Calling negotiations and a ceasefire would be in the interest of Russia and China, according to Mendlin.
“If negotiations are held now, they are held on Putin’s conditions,” she said. “What this means is that [Russia] grabs whatever they got and whatever regions of Ukraine that has been forced into Russian hands are staying in Russian hands. If the lands occupied by Russia now stay in Russian hands, people will suffer enormously.
“What will happen is that they will take a break just like they took a break in 2014 and 2022. They will gather their supplies and put their entire economy on the war rails, and they will attack again. These people do not stop, there is no morality and no good faith in negotiations.”
Mendlin said she also wants the United States to provide full-force support by providing fighter jets, tanks, military training and support to the greatest extent possible.

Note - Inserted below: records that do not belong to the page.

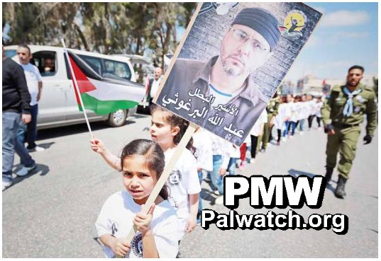 The article includes a picture from the procession, in which a young girl scout is seen holding a sign featuring a picture of terrorist Abdallah Barghouti, who prepared explosives for terror attacks in which 67 people were murdered.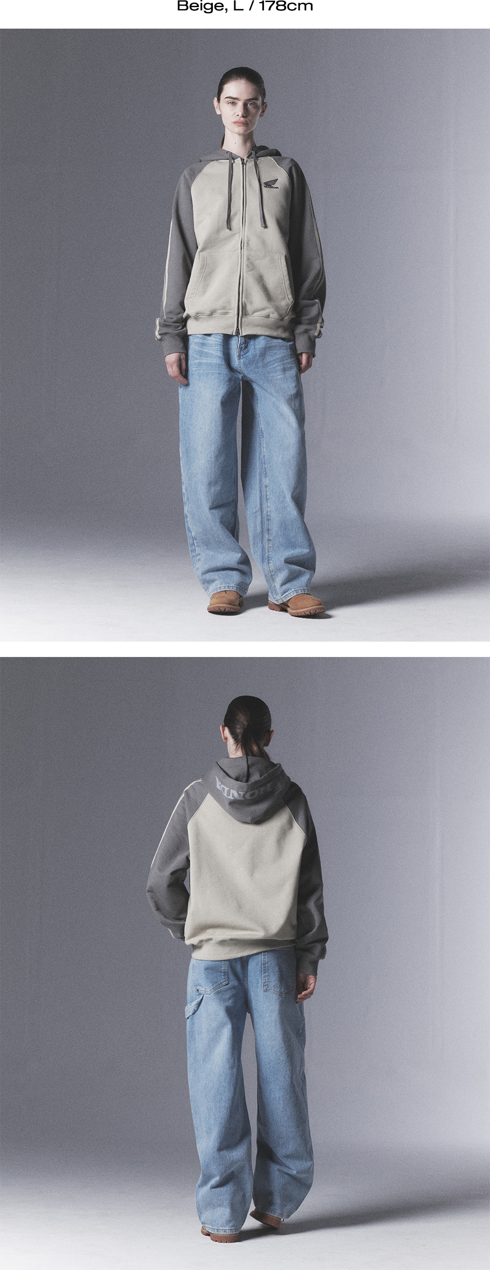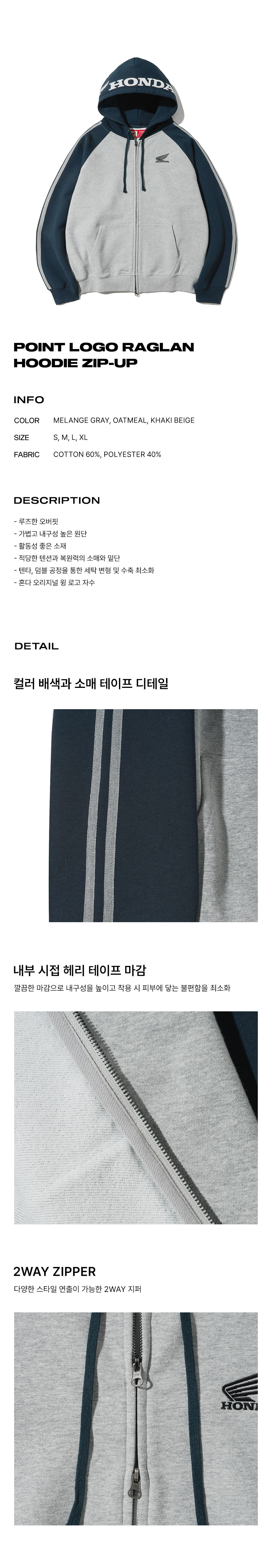 혼다 포인트 로고 래글런 후드집업 그레이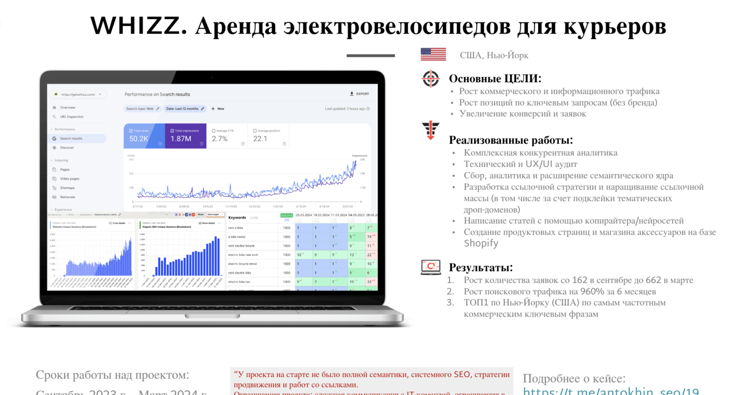 "Летом 2023 года мы занялись поиском подрядчика по SEO нашего сайта https://getwhizz.com. На момент начала нашего сотрудничества велись отдельные виды работ, но системности в действиях и выстроенной стратегии не было. Учитывая локальность проекта (на данный момент мы работаем только в NYC, но планируем расширяться) и высокую конкуренцию в нашей нише, мы понимали сложность вывода проекта на топовые позиции, и при выборе исполнителя руководствовались критериями готовности искать нестандартные подходы к задаче роста бизнеса и способности смотреть на это шире, чем только в разрезе объема привлекаемого трафика. SEO-специалист Андрей Антохин произвел впечатление именно такого специалиста, и, как показало дальнейшее сотрудничество, мы не ошиблись в своем выборе.” – CMO, Nikita Semin. Полная версия рекомендации по ссылке https://t.me/antokhin_seo/19

Princeton resident David Gelfgat is from Russia. He attended the vigil with others who are members of Princeton for Ukraine.
“We want Ukraine to prevail in this war. We support Ukrainian civilians and troops in their fight for freedom because we understand that this is existential war,” he said. “We must win and must crush this aggressive war.”
Princeton for Ukraine consists of people from Ukraine, Russia, Belarussia, and other countries, who support Ukraine, but are not pacifists, according to Gelfgat.
He added that they have raised more than $30,000 for medical supplies and have already made about eight shipments to Ukraine. The medical supplies included tourniquets, dressings, and chest seals.